This is part of another post I did, but I think it has interest in its own right:
Let $Y =\{X_{1},X_{2}...X_{N}\}$ be a set of $N$ random quantities with assocated set of distributions $F=\{F_{1},F_{2}...F_{N}\}$ and acceptable absolute errors $\epsilon = \{\epsilon_{1},\epsilon_{2}...\epsilon_{N}\}$. You are to develop a single-point prediction set $\hat X =\{\hat X_{1},\hat X_{2}...\hat X_{N}\}$ which contains one point from the possible range of each random quantity such that you maximize $P(\sum\limits_{i=1}^{N}\textbf{1}_{|X_{i}-\hat X_{i}|\leq \epsilon_{i}}= N)$.
How should you select $\hat X =\{\hat X_{1},\hat X_{2}...\hat X_{N}\}$?

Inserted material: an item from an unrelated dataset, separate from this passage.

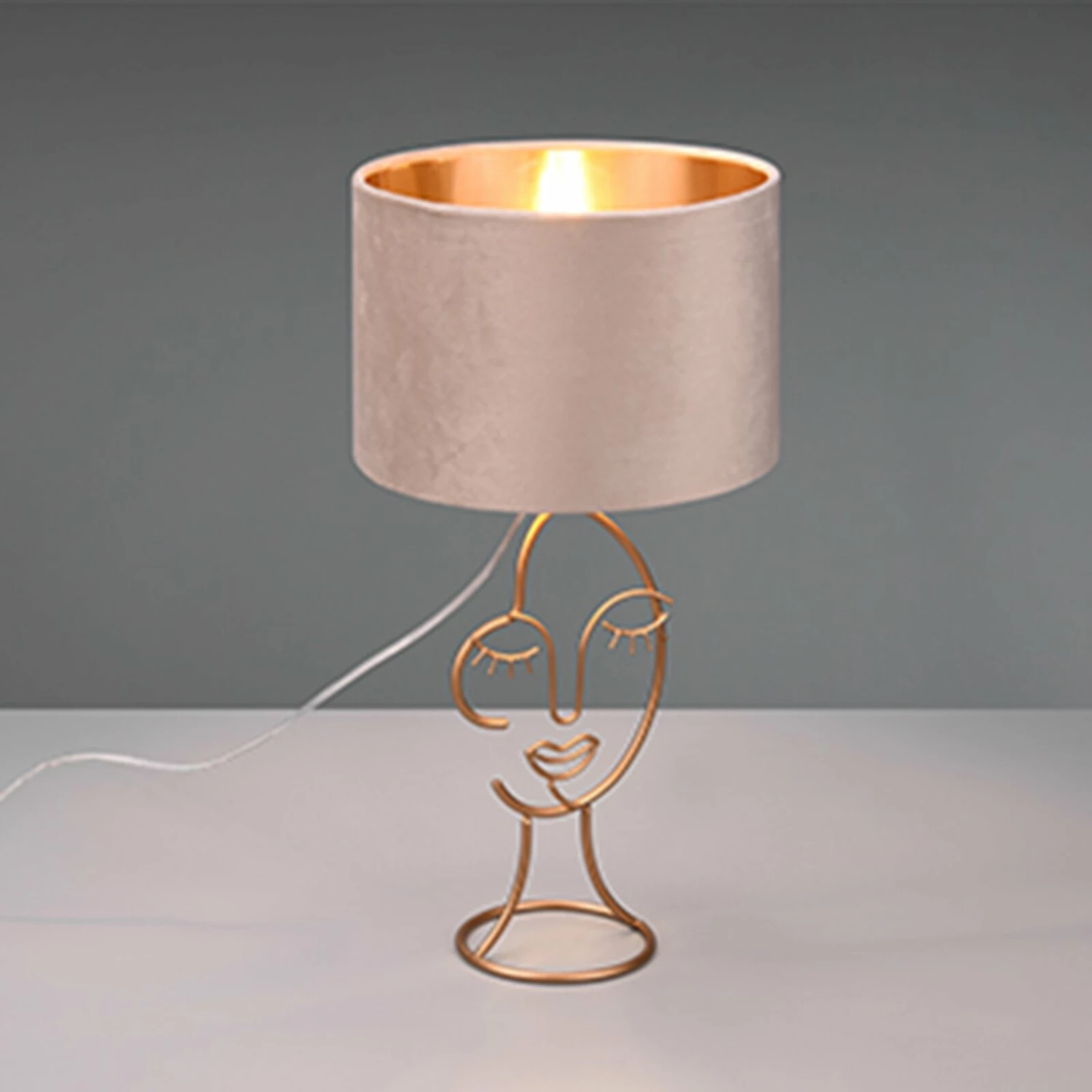 Diese hübsche Tischleuchte ist durch das goldene Gestell mit einer Gesichtsform ein echter Hingucker. Die Lampe besitzt eine Größe von etwa 24 x 42 cm. Ausgestattet ist die Lampe mit einem Samtschirm, der die Lampe edel wirken lässt.

The answer proposed by Sun will work. For the sum to equal N, there is only one point in the sample space of outcomes where this happens, and that is when each indicator variable is equal to 1. Therefore, to maximimze the probability, you need to maximize the probability that each indicator equals 1. Since each variable is independent, you are maximizing the product $\prod P(X_{i} \in x_i \pm \epsilon_i)$ where $P(X_{i} \in x_i \pm \epsilon_i)=\int_{x_i-\epsilon_i/2}^{x_i+\epsilon_i/2} F_i(x)$ The product is maximize by individually maximizing each factor to get the highest probability prediction.